母親の結婚式に参列する為に帰郷した主人公は、かつて愛した同級生と再会。結婚に失敗して返ってきた彼女には一人娘がいて、彼女の言動からこの子は自分の子供かも知れないと思うようになります。
再び一夜を共にした翌日、彼女は失踪。主人公は、残された少女と一緒に母親捜しに奔走することに…。
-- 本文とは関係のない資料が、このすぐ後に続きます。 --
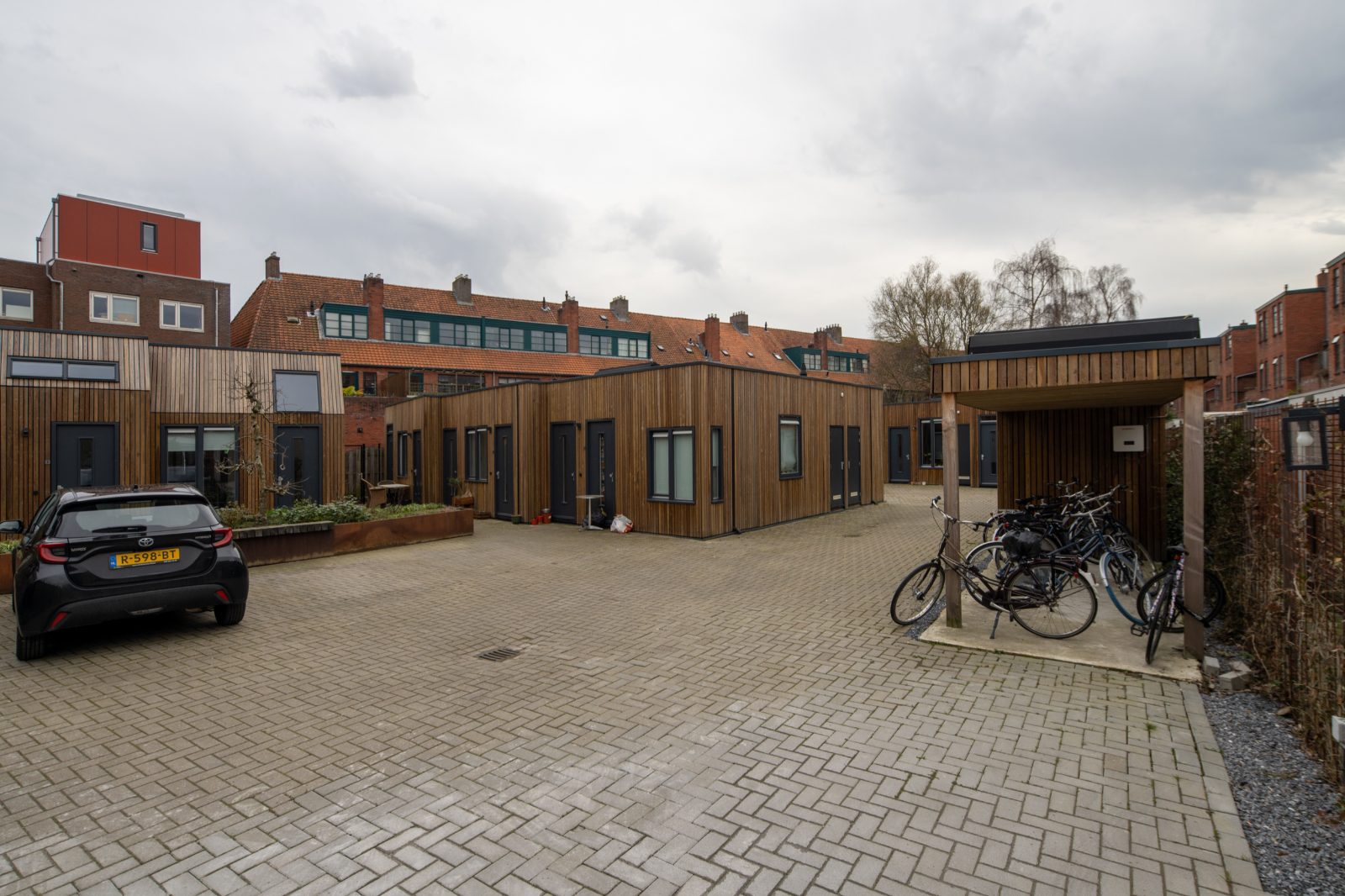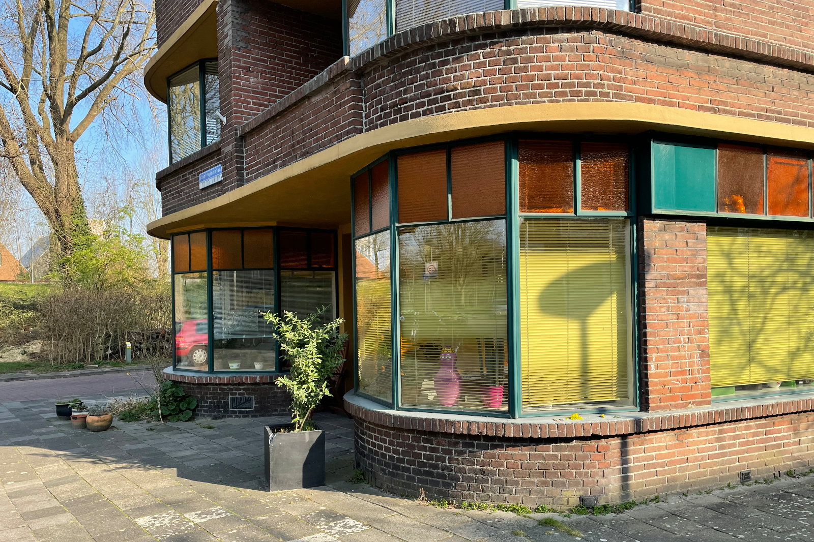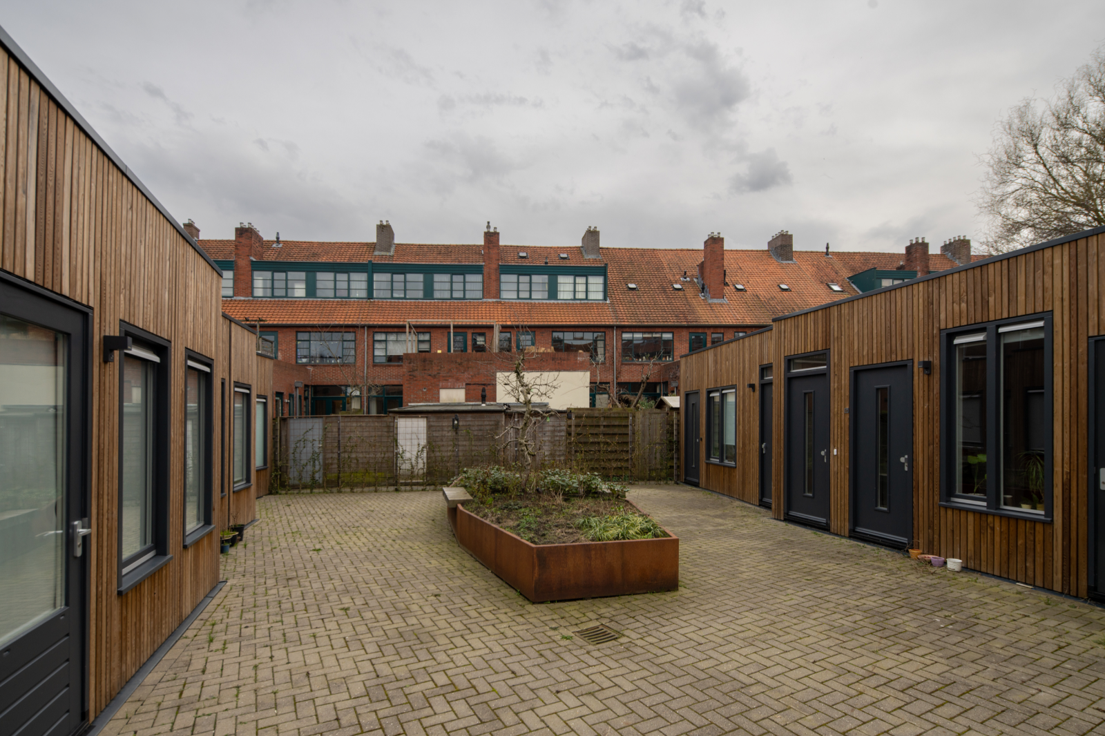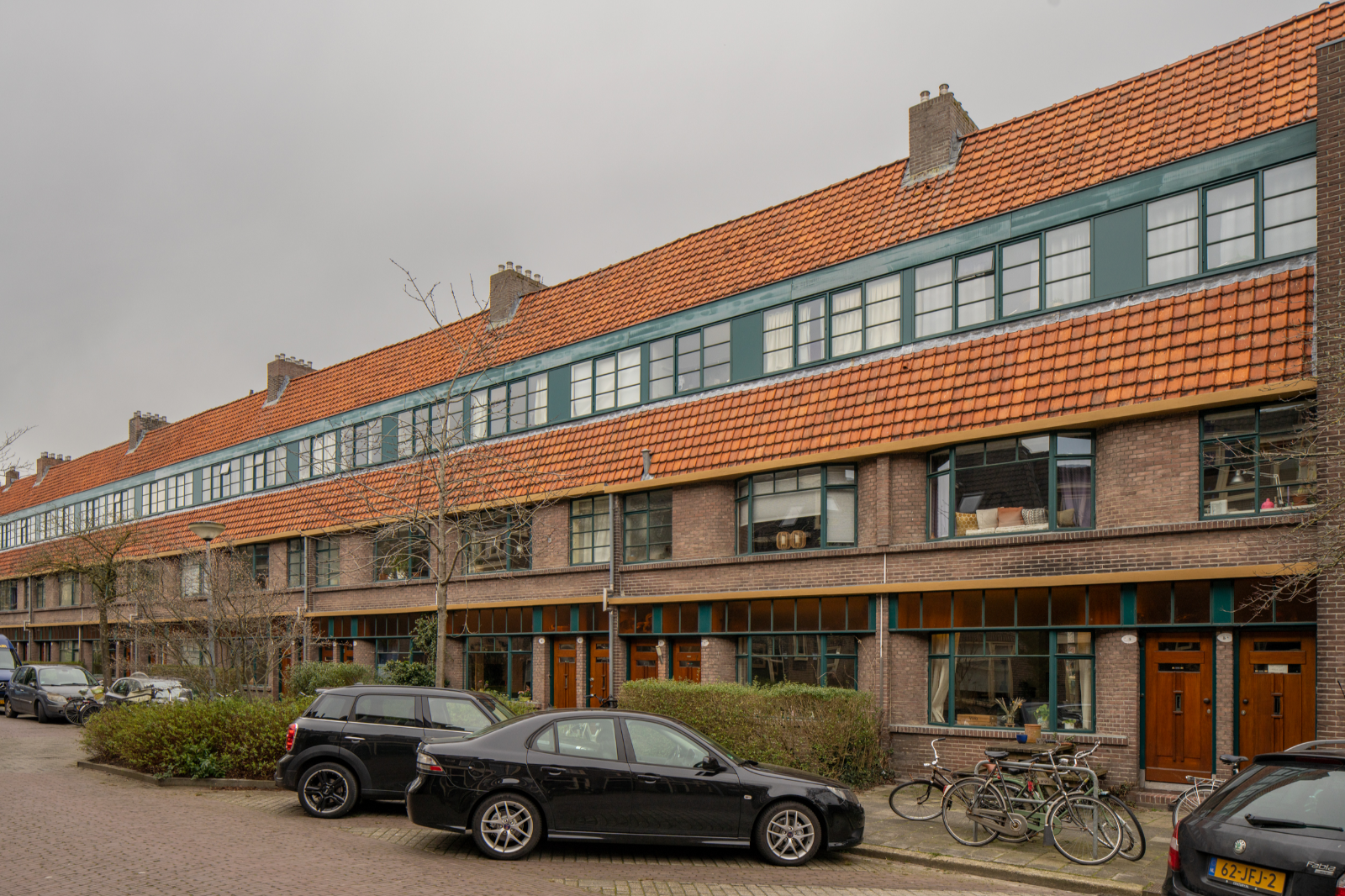 Net als bij het Bernouilliplein vermengt Boer elementen uit de Amsterdamse School met die van de Nieuwe Zakelijkheid. Uniek voor die tijd is de schaal waarop Boer volledig stalen kozijnen toepast. De kleurstelling wordt door de architect zorgvuldig uitgedacht, van okerbruin op het beton, donkergroen op het staal en oranje glas in de bovenlichten, tot het voegwerk, de blank gelakte deuren en de oranje dakpannen. In 1995 is het complex succesvol gerenoveerd dankzij een nauwe samenwerking tussen de bewoners, Stichting Stadsherstel, SKETS Architectuurstudio, de aannemer en de gemeente. Nationaal wordt het een voorbeeldproject, al weigert een klein aantal eigenaren mee te doen. Op die plekken zijn de kunststof kozijnen blijven zitten.

どこか頼りなげでほんわかした主人公、西島秀俊の魅力が過不足なく出ています。それもそのはず、脚本の段階でこの役は西島秀俊に当てて書かれたものだそうです。
謎をかけられ、まさかと思う気持ちがだんだん確信に変わり、一人の男が父親として成長していく姿を、西島秀俊はふわりとした持ち味で演じています。
少女とのミニ・ロードムービーの部分では、近づいたり離れたりする二人の心の距離感がとてもリアル。子役の巧さにも驚かされますね。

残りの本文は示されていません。